### [EXTRACTED INFORMATION]
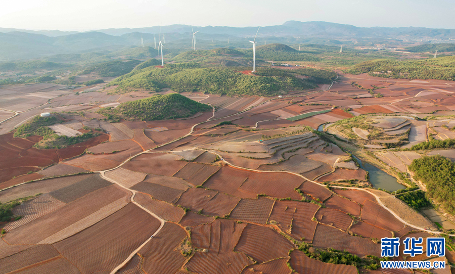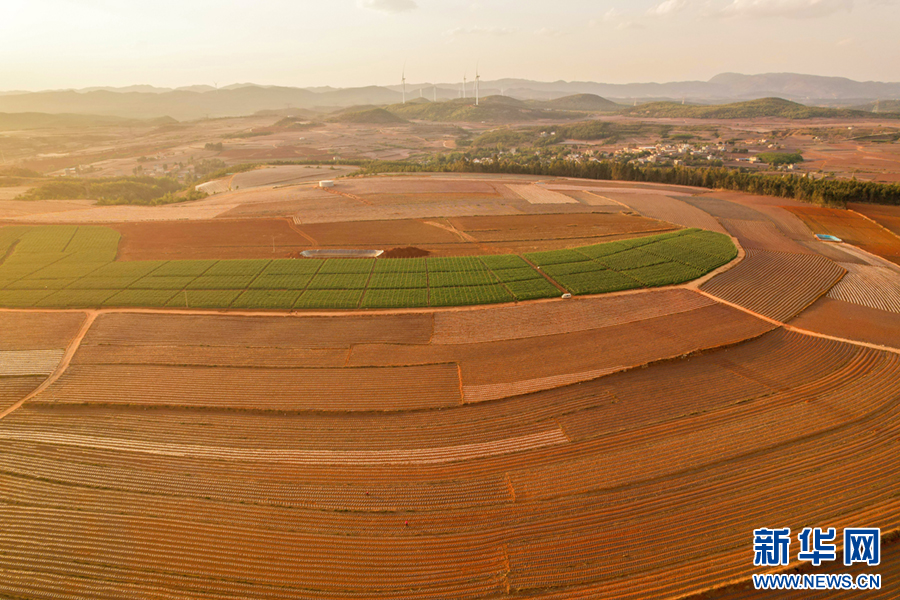 近日,位于滇东高原的云南省曲靖市沾益区的农田里,红土地上开出成行的垄,阡陌纵横,如同写在大地上的道道诗行。空中鸟瞰,红土地与村庄、山峦、风车、夕阳等相应成景,构成了一幅美丽的田园画卷。新华网发(杨俊鹏 摄)
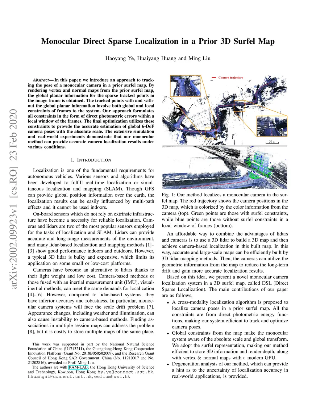 Monocular Direct Sparse Localization in a Prior 3D Surfel Map
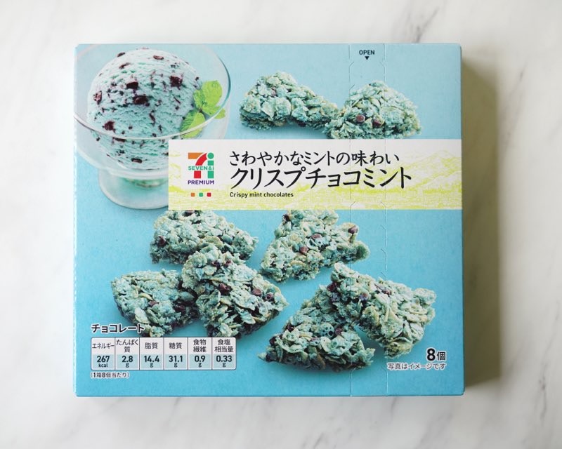 ▼薄荷巧克力脆片:日本小七也不讓全家專美於前,推出「薄荷巧克力脆片」,以香濃的薄荷巧克力將酥脆的玉米片包裹起來,清爽涼脆的口感與味道很適合在大熱天品嚐。
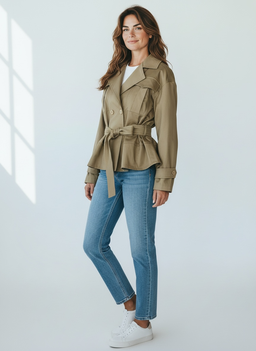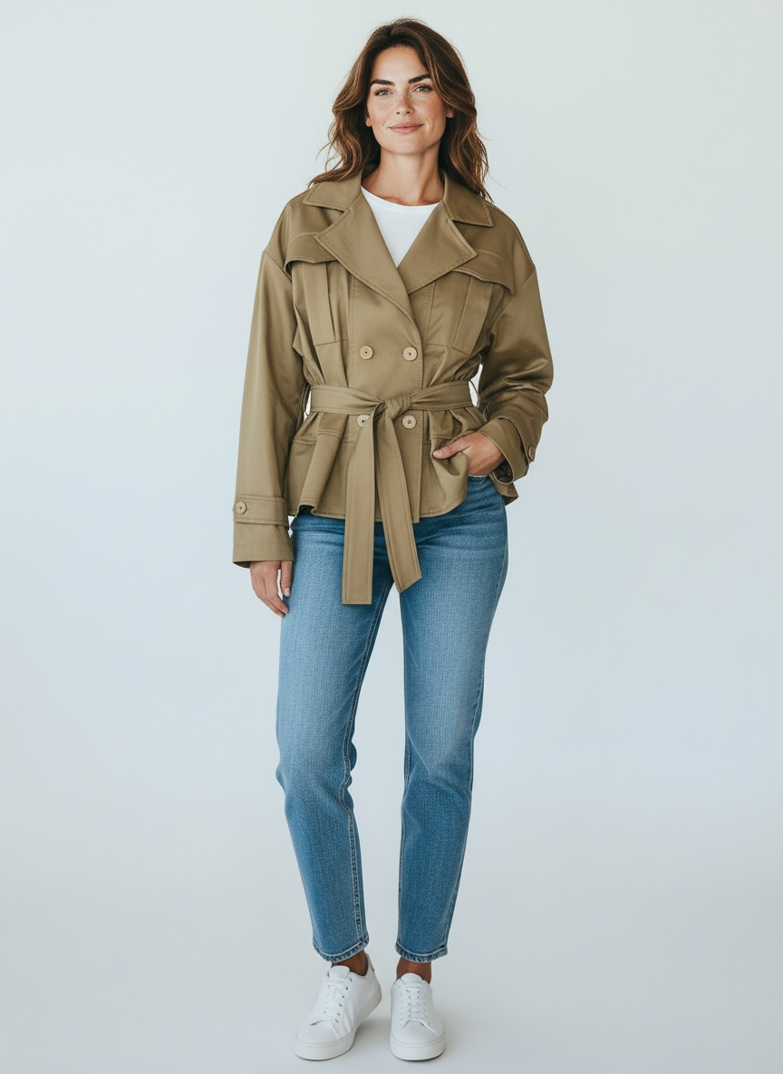 Giacca Trench Corto Tensione In Sabbia
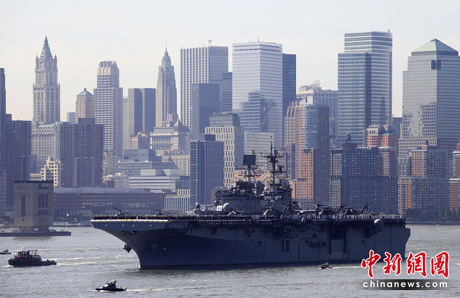 當(dāng)?shù)貢r(shí)間5月26日,美國(guó)第23屆紐約艦隊(duì)周開(kāi)幕,包括“硫磺島”號(hào)兩棲攻擊艦在內(nèi)的11艘參加艦隊(duì)周活動(dòng)的軍艦由南向北在哈得孫河面上游弋。紐約民眾將以停靠在曼哈頓哈得孫河86號(hào)碼頭的“無(wú)畏號(hào)”航母博物館為中心,展開(kāi)為期一周的慶祝和紀(jì)念活動(dòng)。圖片來(lái)源:中國(guó)新聞網(wǎng)
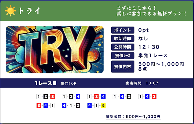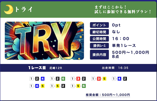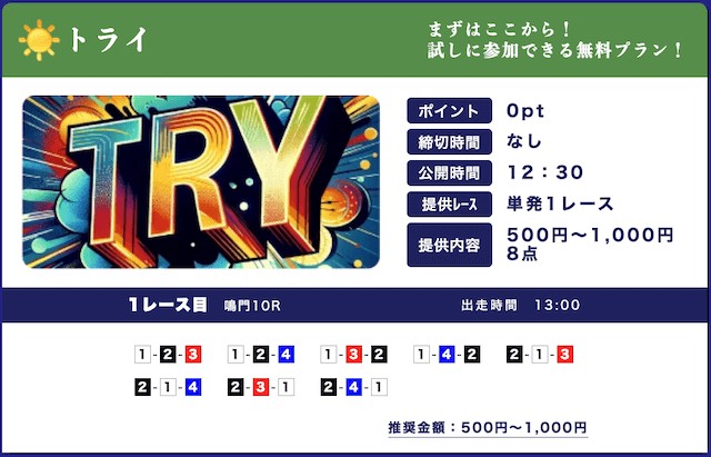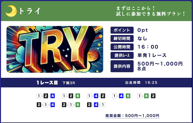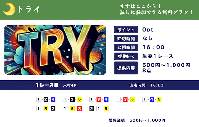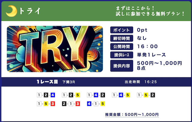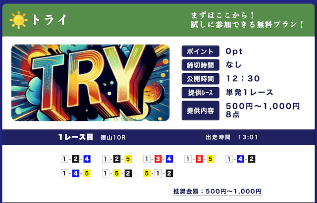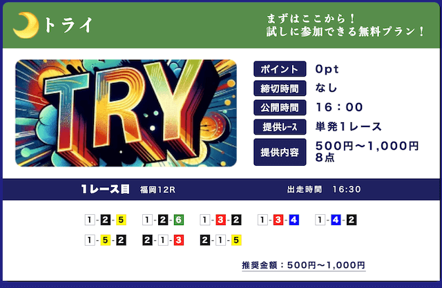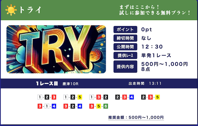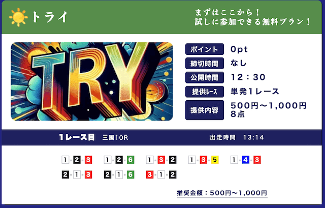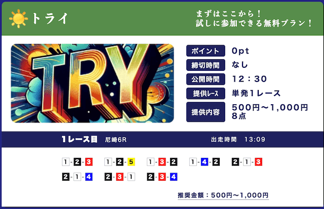 - 低リスクで試せる無料予想が入口になって、自然と有料プランに移行できたのが良かったです。しかも有料予想も結構安いし、無料予想の精度を見る限り、そこまでリスクを感じなかったな。初心者の方はオススメです。投稿日:2025/09/15
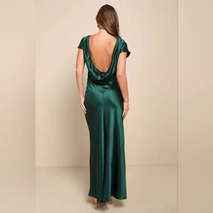 Lulus Captivating Presence Forest Green Satin Cowl Back Maxi Dress Wedding NWOT. See all pictures for details. Currently SOLD OUT online.
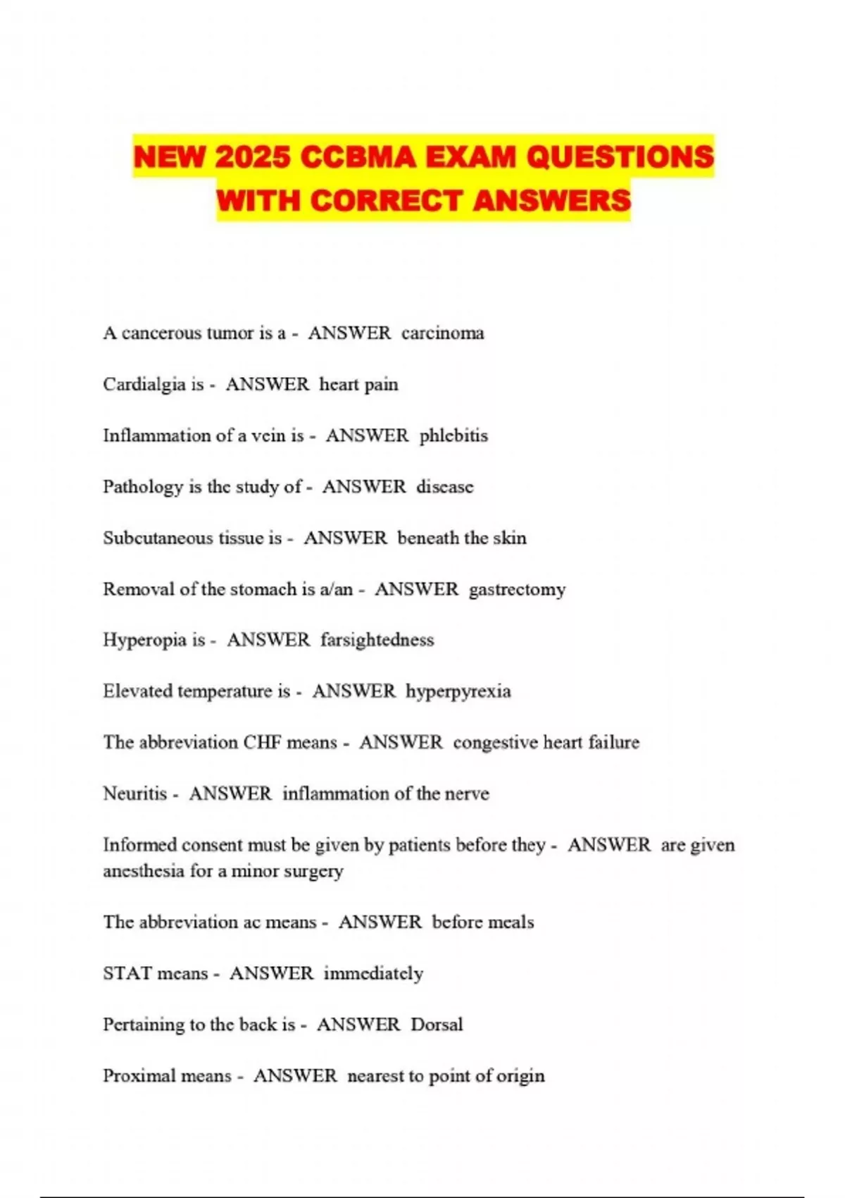 NEW 2025 CCBMA EXAM QUESTIONS WITH CORRECT ANSWERS

### [REQUIRED WORK]
In the data above, please extract the lines from the first one through the line with "Giacca Trench Corto Tensione In Sabbia", exactly, and keep pictures out.

### [REPLY TO THE EXERCISE]
 近日,位于滇东高原的云南省曲靖市沾益区的农田里,红土地上开出成行的垄,阡陌纵横,如同写在大地上的道道诗行。空中鸟瞰,红土地与村庄、山峦、风车、夕阳等相应成景,构成了一幅美丽的田园画卷。新华网发(杨俊鹏 摄)
 Monocular Direct Sparse Localization in a Prior 3D Surfel Map
 ▼薄荷巧克力脆片:日本小七也不讓全家專美於前,推出「薄荷巧克力脆片」,以香濃的薄荷巧克力將酥脆的玉米片包裹起來,清爽涼脆的口感與味道很適合在大熱天品嚐。
 Giacca Trench Corto Tensione In Sabbia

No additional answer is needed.